The European Commission announced on Friday (October 4) that it has received sufficient support from EU members to impose tariffs of up to 45% on imported electric cars from China. This move marks an important step taken before the final conclusion of the Commission’s anti-subsidy investigation.

The Commission, responsible for overseeing EU trade policy, has proposed the final tariff plan for the next five years after a year-long anti-subsidy investigation to address unfair subsidies from the Chinese government. According to EU rules, unless 15 EU countries representing 65% of the EU population vote against the plan, the Commission can impose tariffs over the next five years.

According to information provided by EU sources to Reuters, in the vote on Friday, 10 EU members supported the imposition of tariffs, 5 opposed, and 12 abstained.

Reuters reported on Wednesday that the proposal is likely to be approved as France, Greece, Italy, and Poland are expected to support it.
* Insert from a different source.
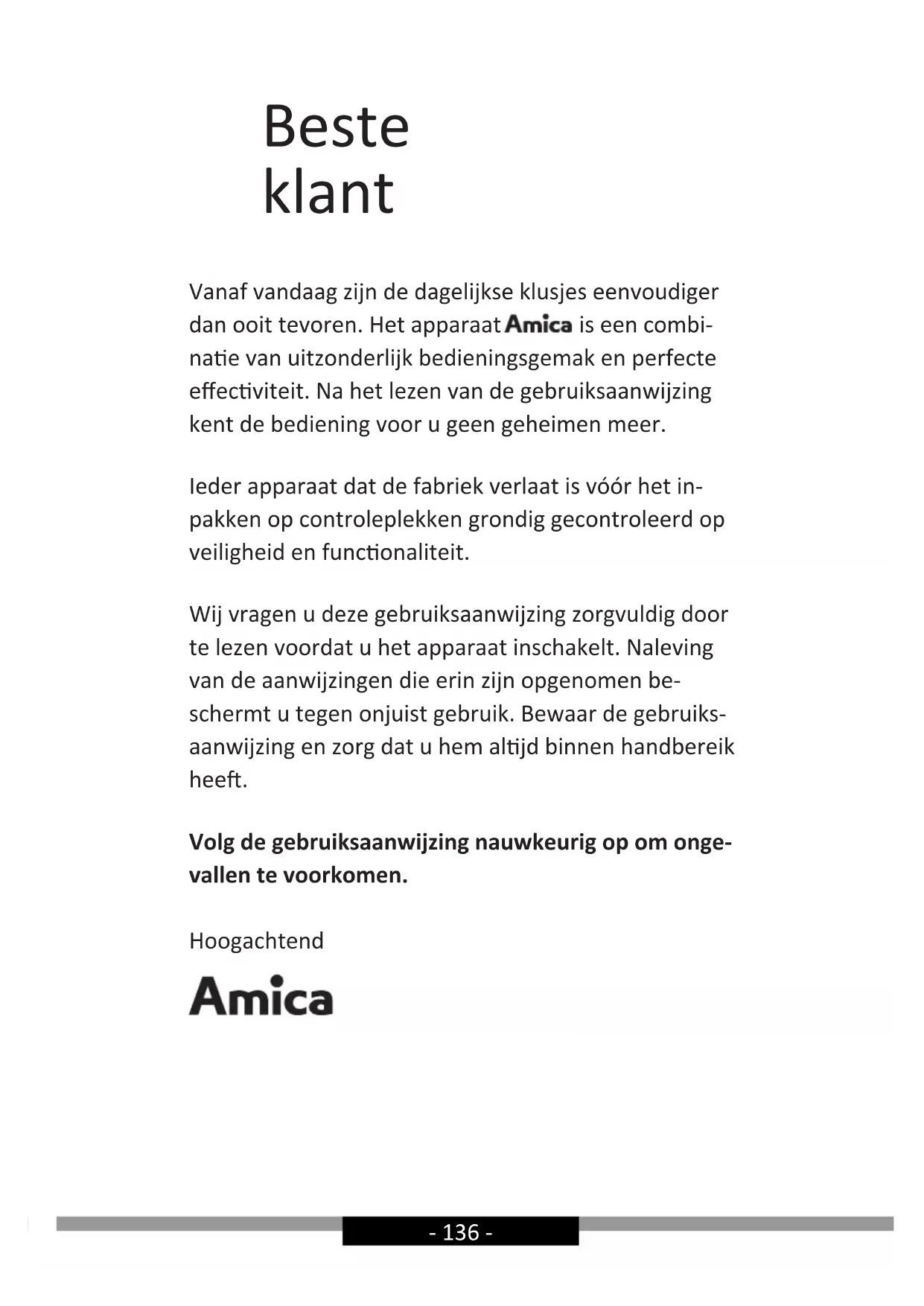 - directive RoHS 2011/65/CE et c’est le pourquoi le produit est désigné par le symbol ainsi qu’une déclaration de la conformité accessible aux organes chargés de la surveillance du marché a été délivrée.- 136 - Beste klant Vanaf vandaag zijn de dagelijkse klusjes eenvoudiger dan ooit tevoren. Het apparaat is een combi- nae van uitzonderlijk bedieningsgemak en perfecte eecviteit. Na het lezen van de gebruiksaanwijzing kent de bediening voor u geen geheimen meer. Ieder apparaat dat de fabriek verlaat is vóór het in- pakken op controleplekken grondig gecontroleerd op veiligheid en funconaliteit. Wij vragen u deze gebruiksaanwijzing zorgvuldig door te lezen voordat u het apparaat inschakelt. Naleving van de aanwijzingen die erin zijn opgenomen be- schermt u tegen onjuist gebruik. Bewaar de gebruiks- aanwijzing en zorg dat u hem aljd binnen handbereik hee. Volg de gebruiksaanwijzing nauwkeurig op om onge- vallen te voorkomen. Hoogachtend- 137 - AANWIJZINGEN BETREF-

These four countries, representing 39% of the EU population, voting in favor means it has reached the threshold for approval.

The European Commission stated that it has received the “necessary support” to adopt the tariff proposal but will still negotiate with Beijing to seek alternative solutions.
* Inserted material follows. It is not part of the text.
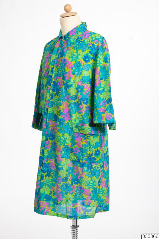 Blommönstrad nylonklänning med 3/4- dels ärm och 46 cm lång dragkedja som utgår från halslinningen. Krage med spetsiga snibbar. Två fickor påsydda. På insidan av kragen finns en fastsydd etikett där märket "Vinetta" går att läsa samt att den är gjort av "100% Nylon". I vänster hörn finns symbolen för KF och på baksidan av etiketten finns tvättrådet "Fintvätt 40" samt en mindre etikett med storleksmärkningen "46". Inköpt på Konsum i Luleå.

The Commission’s implementing regulation must be published in the official gazette by October 30, 2024, which will include the final investigation results.

Sources revealed to Reuters that Germany, the EU’s largest economy and a major car-producing country, voted against the proposal in Friday’s vote. German car manufacturers nearly have one-third of their total sales in China. Volkswagen stated that imposing tariffs is a “wrong approach”.
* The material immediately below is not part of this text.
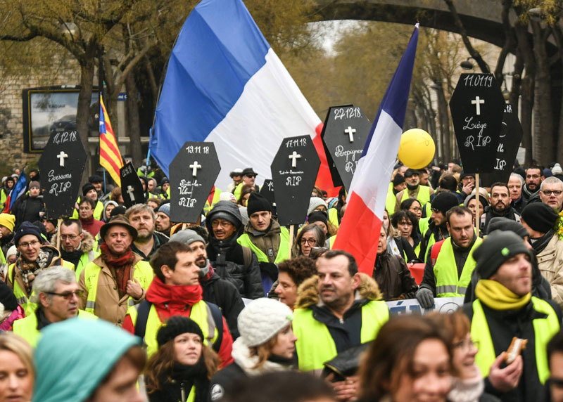 黄背心示威于去年11月17日爆发,示威者初时以和平手法,反映对政府征收燃油税和其他措施的不满,但其后演变成暴乱。示威者在街头烧车,打破店铺橱窗,甚至乘机掠夺货品。

Stellantis Group expressed support for free and fair competition, noting the industry is facing ambitious carbon reduction plans and pressures from the “China global business offensive”.

The European Commission highlighted that China has an annual excess capacity of 3 million electric cars that need to be exported, double the EU market. With the US and Canada imposing tariffs at 100%, it is evident that these electric cars will be exported to Europe.

Over the past five years, the EU’s stance towards Beijing has been increasingly assertive, viewing China as a competitor and systemic rival. Hungarian Prime Minister Viktor Orban stated on Friday that the EU is moving towards an “economic cold war” with Beijing.

The Chinese Ministry of Foreign Affairs did not immediately respond to Reuters’ request for comment. Beijing previously retaliated by initiating investigations into EU imports of brandy, dairy products, and pork this year.

The European Commission stated its willingness to continue negotiating with Beijing on alternative tariff solutions, potentially reconsidering price commitments – including minimum import prices and usual quantity limits. However, previous proposals from Chinese companies were rejected.

The current tariff rates range from 7.8% for Tesla to 35.3% for SAIC, and this applies to other companies deemed non-compliant with the EU investigation. These tariffs are on top of the EU’s standard 10% import tax for cars.